- Region: Unidentified location in northeastern Tasmania
- Ethnicity: Unidentified tribe of Tasmanians
- Extinct: 19th century
- Language family: Northeastern Tasmanian "Norman";

Language codes
- ISO 639-3: None (mis)
- Glottolog: None

= Norman Tasmanian language =

Extinct language of northeast Tasmania

A variety of aboriginal Tasmanian attested in a manuscript nicknamed the "Norman" vocabulary is identified as a distinct language in the reconstructions of Claire Bowern. The Norman vocabulary was originally compiled by Reverend James Norman of Sorell, Tasmania, and was apparently later copied by Charles Sterling. The list of 386 words was handwritten in Sorell, Tasmania in the 19th century by Charles Sterling, who was George Augustus Robinson's clerk from 1829 to 1832. The language was presumably spoken somewhere in the northeast of Tasmania, but the original location of the speakers was not recorded.

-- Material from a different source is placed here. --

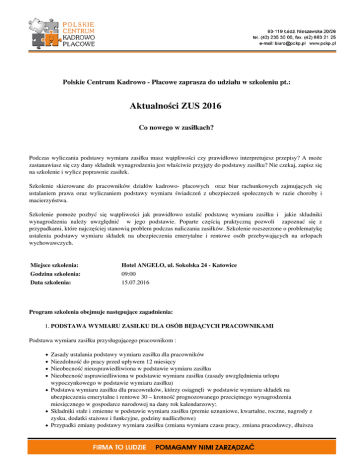 Polskie Centrum Kadrowo - Płacowe zaprasza do udziału w szkoleniu pt.: Aktualności ZUS 2016 Co nowego w zasiłkach? Podczas wyliczania podstawy wymiaru zasiłku masz wątpliwości czy prawidłowo interpretujesz przepisy? A może zastanawiasz się czy dany składnik wynagrodzenia jest właściwie przyjęty do podstawy zasiłku? Nie czekaj, zapisz się na szkolenie i wylicz poprawnie zasiłek. Szkolenie skierowane do pracowników działów kadrowo- płacowych oraz biur rachunkowych zajmujących się ustalaniem prawa oraz wyliczaniem podstawy wymiaru świadczeń z ubezpieczeń społecznych w razie choroby i macierzyństwa. Szkolenie pomoże pozbyć się wątpliwości jak prawidłowo ustalić podstawę wymiaru zasiłku i jakie składniki wynagrodzenia należy uwzględnić w jego podstawie. Poparte częścią praktyczną pozwoli zapoznać się z przypadkami, które najczęściej stanowią problem podczas naliczania zasiłków. Szkolenie rozszerzone o problematykę ustalenia podstawy wymiaru składek na ubezpieczenia emerytalne i rentowe osób przebywających na urlopach wychowawczych. Miejsce szkolenia: Hotel ANGELO, ul. Sokolska 24 - Katowice Godzina szkolenia: 09:00 Data szkolenia: 15.07.2016 Program szkolenia obejmuje następujące zagadnienia: 1. PODSTAWA WYMIARU ZASIŁKU DLA OSÓB BĘDĄCYCH PRACOWNIKAMI Podstawa wymiaru zasiłku przysługującego pracownikom : Zasady ustalania podstawy wymiaru zasiłku dla pracowników Niezdolność do pracy przed upływem 12 miesięcy Nieobecność nieusprawiedliwiona w podstawie wymiaru zasiłku Nieobecność usprawiedliwiona w podstawie wymiaru zasiłku (zasady uwzględnienia urlopu wypoczynkowego w podstawie wymiaru zasiłku) Podstawa wymiaru zasiłku dla pracowników, którzy osiągnęli w podstawie wymiaru składek na ubezpieczenia emerytalne i rentowe 30 – krotność prognozowanego przeciętnego wynagrodzenia miesięcznego w gospodarce narodowej na dany rok kalendarzowy; Składniki stałe i zmienne w podstawie wymiaru zasiłku (premie uznaniowe, kwartalne, roczne, nagrody z zysku, dodatki stażowe i funkcyjne, godziny nadliczbowe) Przypadki zmiany podstawy wymiaru zasiłku (zmiana wymiaru czasu pracy, zmiana pracodawcy, dłuższa przerwa w zatrudnieniu) Zasady waloryzacji podstawy wymiaru zasiłku ĆWICZENIA PRAKTYCZNE – rozwiązywanie przykładów 2. PODSTAWA WYMIARU ZASIŁKU DLA OSÓB NIEBĘDĄCYCH PRACOWNIKAMI Podstawa wymiaru zasiłku dla osób zatrudnionych na podstawie umowy zlecenia: Zasady ustalania podstawy wymiaru zasiłku dla zleceniobiorców z uwzględnieniem przepisów obowiązujących od 01 stycznia 2016r. Podstawa wymiaru zasiłku w pierwszym lub drugim miesiącu ubezpieczenia chorobowego Przychody z umów zlecenia stanowiące podstawę wymiaru zasiłku ĆWICZENIA PRAKTYCZNE – rozwiązywanie przykładów 3. URLOPY WYCHOWAWCZE – PODSTAWA WYMIARU SKŁADEK Zasady ustalania podstawy wymiaru składek na ubezpieczenia emerytalne i rentowe dla osób przebywających na urlopach wychowawczych: wynagrodzenie uwzględnione w podstawie wymiaru składek minimalne wynagrodzenie w podstawie wymiaru składek zasady wyliczenia podstawy wymiaru składek nieobecność usprawiedliwiona w podstawie wymiaru składek nieobecność nieusprawiedliwiona w podstawie wymiaru składek zasady uzupełniania wynagrodzenia zmiennego w podstawie wymiaru składek zasady uwzględniania składników wynagrodzenia w podstawi e wymiaru składek premie, nagrody miesięczne, kwartalne i roczne w podstawie wymiaru składek ponowne ustalenie podstawy wymiaru składek Cena szkolenia obejmuje: zajęcia dydaktyczne, materiały szkoleniowe przygotowane przez eksperta, dyplom ukończenia szkolenia, lunch, serwis kawowy. Rezerwacja wg kolejności zgłoszeń. Ilość miejsc ograniczona. W celu zgłoszenia udziału w szkoleniu należy wypełnić formularz zgłoszeniowy i przesłać go faksem na numer: (042) 683-21-25. Po otrzymaniu zgłoszenia odeślemy Państwu potwierdzenie przyjęcia rezerwacji. Dodatkowe informacje można uzyskać pod numerem (042) 235-30-60. Serdecznie zapraszamy. Rozpoczęcie szkolenia: 15.07.2016 09:00 Ilość godzin: 5 Miejsce szkolenia: Hotel ANGELO, ul. Sokolska 24 - Katowice Cena regularna uczestnictwa 490,00 zł jednej osoby netto: Cena regularna uczestnictwa jednej osoby brutto: Powered by TCPDF (www.tcpdf.org) 602,70 zł

Plomley (1976) lists a few different versions of the '"Norman" vocabulary:
- ‘The Norman vocabulary’: manuscript in the archives of the Royal Society of Tasmania, now deposited with the University of Tasmania, Hobart.
- ‘The Norman vocabulary’: published by Edward Micklethwaite Curr in The Australian race, vol. 3, pp. 611-616 (1887).
- ‘The Norman vocabulary’: published by the Royal Society of Tasmania in its Papers and Proceedings, for 1910, pp. 333-342 (1911), with a commentary by H. B. Ritz (pp. 343-345).